• **TRY IT**: Copy each line from the entries that the word "premium" appears in.

** DATA PROVIDED follows **

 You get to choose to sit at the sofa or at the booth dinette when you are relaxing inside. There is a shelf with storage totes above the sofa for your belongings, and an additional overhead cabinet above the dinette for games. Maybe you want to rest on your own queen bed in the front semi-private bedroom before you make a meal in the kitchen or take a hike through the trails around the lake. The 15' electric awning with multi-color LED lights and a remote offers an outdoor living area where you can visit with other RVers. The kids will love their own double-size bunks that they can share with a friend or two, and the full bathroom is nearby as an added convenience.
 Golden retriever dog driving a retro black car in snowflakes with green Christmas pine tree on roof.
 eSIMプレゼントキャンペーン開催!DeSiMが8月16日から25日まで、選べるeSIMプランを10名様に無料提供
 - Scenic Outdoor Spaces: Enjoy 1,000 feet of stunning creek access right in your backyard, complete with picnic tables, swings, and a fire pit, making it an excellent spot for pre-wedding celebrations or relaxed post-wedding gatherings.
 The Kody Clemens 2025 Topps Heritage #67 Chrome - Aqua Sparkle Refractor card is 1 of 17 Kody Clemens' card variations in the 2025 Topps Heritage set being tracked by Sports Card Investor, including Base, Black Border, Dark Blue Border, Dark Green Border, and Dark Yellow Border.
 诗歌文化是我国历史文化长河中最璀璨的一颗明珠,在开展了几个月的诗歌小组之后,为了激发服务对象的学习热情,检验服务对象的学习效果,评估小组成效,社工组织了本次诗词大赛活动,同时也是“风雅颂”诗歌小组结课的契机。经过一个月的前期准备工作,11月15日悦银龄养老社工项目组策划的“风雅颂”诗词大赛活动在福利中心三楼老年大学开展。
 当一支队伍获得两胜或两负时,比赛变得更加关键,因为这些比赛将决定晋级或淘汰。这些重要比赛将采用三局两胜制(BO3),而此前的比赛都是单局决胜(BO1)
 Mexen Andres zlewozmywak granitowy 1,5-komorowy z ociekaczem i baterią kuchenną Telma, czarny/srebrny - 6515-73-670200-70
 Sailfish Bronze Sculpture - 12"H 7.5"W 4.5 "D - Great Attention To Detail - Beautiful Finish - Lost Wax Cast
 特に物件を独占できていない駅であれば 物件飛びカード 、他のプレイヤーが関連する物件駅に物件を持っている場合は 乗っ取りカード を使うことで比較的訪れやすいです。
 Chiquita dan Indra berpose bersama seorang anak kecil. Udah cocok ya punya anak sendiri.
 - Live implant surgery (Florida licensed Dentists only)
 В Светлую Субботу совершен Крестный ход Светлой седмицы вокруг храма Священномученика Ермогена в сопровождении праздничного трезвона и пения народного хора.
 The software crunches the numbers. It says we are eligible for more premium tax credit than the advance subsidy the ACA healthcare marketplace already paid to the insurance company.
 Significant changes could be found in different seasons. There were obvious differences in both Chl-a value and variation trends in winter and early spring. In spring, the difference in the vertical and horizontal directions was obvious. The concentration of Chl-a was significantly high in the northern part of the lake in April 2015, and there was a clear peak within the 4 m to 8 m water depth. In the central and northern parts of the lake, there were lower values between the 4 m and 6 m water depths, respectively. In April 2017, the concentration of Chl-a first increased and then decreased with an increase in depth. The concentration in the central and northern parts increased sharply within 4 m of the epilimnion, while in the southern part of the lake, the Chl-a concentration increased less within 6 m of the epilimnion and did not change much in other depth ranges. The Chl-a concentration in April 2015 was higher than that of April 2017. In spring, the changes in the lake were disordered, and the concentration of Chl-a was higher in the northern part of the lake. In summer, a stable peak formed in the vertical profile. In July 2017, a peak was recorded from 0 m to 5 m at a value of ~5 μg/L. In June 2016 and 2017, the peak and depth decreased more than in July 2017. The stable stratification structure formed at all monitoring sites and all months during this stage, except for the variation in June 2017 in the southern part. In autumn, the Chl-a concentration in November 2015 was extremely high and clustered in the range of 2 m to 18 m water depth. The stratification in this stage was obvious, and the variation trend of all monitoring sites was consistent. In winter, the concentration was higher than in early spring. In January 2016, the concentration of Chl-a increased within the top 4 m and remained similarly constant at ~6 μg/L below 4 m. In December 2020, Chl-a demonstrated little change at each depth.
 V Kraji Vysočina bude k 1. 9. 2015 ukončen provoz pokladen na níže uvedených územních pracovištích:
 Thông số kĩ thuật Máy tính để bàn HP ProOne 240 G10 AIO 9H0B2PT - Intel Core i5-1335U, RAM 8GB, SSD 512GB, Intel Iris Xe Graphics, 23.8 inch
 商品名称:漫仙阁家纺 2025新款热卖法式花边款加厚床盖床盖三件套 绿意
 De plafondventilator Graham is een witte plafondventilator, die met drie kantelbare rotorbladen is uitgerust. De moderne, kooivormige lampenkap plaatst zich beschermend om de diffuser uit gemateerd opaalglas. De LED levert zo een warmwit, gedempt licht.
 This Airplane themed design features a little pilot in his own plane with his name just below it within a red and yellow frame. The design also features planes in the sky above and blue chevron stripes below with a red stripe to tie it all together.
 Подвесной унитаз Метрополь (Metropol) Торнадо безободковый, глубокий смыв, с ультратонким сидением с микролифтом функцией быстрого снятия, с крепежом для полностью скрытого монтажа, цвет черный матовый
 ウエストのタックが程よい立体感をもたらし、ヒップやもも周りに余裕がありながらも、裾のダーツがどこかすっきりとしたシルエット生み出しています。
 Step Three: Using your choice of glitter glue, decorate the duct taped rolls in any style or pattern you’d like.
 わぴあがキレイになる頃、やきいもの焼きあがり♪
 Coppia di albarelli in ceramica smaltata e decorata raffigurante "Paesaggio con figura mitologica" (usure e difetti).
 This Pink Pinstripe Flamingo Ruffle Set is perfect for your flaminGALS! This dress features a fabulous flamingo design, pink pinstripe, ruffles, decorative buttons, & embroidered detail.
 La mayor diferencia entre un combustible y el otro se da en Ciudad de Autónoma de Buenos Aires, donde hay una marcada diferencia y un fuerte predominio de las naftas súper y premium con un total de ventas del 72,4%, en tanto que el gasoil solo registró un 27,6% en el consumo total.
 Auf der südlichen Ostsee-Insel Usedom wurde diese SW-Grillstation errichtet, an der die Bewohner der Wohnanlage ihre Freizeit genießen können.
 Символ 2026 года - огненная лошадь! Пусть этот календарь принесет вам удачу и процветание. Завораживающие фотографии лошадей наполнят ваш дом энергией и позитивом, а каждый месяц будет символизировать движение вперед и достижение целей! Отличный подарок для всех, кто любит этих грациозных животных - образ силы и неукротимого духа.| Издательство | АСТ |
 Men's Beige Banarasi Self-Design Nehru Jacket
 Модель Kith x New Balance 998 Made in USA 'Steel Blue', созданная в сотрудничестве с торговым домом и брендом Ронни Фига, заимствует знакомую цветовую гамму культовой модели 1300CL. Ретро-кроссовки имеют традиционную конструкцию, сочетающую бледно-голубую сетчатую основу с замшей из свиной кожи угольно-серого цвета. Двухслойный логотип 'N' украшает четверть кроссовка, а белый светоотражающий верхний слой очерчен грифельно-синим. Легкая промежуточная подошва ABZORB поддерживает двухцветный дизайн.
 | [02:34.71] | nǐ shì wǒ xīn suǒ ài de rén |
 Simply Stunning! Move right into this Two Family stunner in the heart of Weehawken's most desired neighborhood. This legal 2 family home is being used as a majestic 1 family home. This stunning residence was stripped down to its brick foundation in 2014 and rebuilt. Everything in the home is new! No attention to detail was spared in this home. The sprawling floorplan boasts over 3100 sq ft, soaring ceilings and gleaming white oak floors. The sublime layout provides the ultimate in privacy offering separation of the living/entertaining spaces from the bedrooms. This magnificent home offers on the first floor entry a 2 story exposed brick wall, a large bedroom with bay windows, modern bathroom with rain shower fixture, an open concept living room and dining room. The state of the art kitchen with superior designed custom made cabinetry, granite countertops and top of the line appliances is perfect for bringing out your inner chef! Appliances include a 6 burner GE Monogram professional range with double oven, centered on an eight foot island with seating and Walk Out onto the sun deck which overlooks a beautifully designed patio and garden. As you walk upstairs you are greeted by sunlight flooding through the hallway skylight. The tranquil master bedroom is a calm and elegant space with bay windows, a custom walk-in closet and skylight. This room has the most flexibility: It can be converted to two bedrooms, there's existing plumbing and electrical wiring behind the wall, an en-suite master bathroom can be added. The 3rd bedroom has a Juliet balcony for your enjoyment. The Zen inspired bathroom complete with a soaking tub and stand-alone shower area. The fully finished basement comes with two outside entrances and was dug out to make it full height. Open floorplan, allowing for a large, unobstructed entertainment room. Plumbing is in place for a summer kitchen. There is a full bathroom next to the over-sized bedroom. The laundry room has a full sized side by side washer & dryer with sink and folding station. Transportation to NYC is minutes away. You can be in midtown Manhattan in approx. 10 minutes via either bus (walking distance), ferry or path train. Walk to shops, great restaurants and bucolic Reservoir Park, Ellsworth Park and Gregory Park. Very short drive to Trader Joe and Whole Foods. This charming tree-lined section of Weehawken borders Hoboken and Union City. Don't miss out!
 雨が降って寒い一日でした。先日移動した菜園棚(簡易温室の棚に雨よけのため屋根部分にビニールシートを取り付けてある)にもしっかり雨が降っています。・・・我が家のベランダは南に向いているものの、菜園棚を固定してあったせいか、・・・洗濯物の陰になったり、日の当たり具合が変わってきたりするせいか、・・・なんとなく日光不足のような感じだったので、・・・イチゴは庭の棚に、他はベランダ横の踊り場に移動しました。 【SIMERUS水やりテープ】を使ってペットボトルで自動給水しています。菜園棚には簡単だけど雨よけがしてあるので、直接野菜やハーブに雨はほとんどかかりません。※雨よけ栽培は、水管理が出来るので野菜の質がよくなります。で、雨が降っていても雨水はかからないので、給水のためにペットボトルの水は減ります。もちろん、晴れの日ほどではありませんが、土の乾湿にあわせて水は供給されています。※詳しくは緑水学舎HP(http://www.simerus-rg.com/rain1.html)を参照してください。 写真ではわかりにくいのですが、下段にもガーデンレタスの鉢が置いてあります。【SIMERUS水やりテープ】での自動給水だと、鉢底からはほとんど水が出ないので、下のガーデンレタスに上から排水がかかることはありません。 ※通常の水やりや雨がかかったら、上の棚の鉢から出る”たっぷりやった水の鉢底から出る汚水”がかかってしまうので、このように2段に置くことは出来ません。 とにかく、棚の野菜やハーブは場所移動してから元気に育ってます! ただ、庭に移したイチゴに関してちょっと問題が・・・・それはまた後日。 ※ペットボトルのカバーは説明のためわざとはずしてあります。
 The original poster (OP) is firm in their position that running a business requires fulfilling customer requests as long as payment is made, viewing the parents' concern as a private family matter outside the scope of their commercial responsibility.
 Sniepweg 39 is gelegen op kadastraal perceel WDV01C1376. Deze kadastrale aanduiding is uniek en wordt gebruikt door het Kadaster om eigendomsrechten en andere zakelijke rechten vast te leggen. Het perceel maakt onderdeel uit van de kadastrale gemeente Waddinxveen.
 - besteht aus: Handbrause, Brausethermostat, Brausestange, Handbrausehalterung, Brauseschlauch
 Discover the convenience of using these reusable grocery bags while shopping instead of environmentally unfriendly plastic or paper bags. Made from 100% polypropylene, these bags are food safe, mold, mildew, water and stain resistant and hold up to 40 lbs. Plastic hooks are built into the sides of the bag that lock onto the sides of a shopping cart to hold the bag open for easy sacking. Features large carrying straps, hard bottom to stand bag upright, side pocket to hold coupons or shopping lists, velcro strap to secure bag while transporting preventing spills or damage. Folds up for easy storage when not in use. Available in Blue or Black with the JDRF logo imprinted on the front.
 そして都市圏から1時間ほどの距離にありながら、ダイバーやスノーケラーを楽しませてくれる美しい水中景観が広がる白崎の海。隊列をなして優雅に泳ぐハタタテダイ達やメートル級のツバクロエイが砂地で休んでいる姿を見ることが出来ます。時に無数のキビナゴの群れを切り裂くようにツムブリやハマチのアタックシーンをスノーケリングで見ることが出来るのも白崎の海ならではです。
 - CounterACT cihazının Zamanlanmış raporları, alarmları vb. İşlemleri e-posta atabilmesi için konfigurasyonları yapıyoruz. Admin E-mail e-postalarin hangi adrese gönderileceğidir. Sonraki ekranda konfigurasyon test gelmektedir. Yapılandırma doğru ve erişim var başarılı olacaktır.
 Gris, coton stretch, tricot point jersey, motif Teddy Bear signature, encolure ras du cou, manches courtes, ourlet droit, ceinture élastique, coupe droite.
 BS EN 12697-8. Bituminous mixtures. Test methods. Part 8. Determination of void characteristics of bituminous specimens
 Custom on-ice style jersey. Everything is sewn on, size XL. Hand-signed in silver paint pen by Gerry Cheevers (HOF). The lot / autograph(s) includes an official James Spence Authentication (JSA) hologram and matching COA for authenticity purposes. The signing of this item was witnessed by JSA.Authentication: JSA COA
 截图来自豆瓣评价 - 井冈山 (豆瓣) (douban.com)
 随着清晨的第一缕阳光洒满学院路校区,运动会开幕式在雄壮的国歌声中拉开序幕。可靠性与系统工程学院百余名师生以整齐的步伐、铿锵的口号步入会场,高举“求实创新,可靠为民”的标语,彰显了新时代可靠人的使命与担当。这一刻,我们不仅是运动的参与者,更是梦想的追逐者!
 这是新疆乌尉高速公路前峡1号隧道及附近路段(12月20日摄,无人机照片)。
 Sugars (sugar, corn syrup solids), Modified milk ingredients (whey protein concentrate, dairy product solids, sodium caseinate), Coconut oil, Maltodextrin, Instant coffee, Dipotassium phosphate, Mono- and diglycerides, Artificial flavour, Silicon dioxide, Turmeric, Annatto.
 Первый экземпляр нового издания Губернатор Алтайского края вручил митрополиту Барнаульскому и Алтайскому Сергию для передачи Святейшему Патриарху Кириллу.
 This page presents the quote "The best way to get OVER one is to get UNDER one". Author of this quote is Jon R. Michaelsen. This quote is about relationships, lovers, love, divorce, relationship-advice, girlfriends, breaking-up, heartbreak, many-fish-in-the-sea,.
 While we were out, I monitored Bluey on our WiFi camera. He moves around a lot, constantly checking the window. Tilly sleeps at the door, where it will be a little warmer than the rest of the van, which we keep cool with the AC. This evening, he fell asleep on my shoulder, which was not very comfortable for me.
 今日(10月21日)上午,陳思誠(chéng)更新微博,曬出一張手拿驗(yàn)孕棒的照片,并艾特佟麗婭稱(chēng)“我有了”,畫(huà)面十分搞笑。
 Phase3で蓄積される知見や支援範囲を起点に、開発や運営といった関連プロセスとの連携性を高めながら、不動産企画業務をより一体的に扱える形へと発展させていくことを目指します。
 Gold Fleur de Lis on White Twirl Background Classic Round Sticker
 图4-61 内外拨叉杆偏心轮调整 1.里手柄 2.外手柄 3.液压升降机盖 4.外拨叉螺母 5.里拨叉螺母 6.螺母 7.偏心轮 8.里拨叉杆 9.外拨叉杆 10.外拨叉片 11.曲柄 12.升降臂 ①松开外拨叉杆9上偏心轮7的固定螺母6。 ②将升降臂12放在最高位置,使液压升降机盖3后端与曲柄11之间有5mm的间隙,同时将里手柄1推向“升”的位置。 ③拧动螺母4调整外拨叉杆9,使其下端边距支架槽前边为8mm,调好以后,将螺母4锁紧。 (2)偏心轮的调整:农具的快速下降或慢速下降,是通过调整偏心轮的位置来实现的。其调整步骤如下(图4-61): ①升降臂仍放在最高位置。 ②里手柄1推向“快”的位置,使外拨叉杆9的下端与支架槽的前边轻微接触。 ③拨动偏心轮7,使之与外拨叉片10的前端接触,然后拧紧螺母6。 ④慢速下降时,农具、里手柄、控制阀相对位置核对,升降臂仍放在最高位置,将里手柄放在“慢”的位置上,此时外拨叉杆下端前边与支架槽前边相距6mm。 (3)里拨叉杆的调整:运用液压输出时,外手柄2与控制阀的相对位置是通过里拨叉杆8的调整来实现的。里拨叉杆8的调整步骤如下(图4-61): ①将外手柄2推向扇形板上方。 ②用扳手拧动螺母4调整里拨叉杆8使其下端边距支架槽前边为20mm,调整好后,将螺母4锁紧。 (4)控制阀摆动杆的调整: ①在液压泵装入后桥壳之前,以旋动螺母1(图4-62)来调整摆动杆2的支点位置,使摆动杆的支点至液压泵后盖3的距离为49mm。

** End of DATA PROVIDED **

• **EXERCISE ANSWER**:
 The software crunches the numbers. It says we are eligible for more premium tax credit than the advance subsidy the ACA healthcare marketplace already paid to the insurance company.
 La mayor diferencia entre un combustible y el otro se da en Ciudad de Autónoma de Buenos Aires, donde hay una marcada diferencia y un fuerte predominio de las naftas súper y premium con un total de ventas del 72,4%, en tanto que el gasoil solo registró un 27,6% en el consumo total.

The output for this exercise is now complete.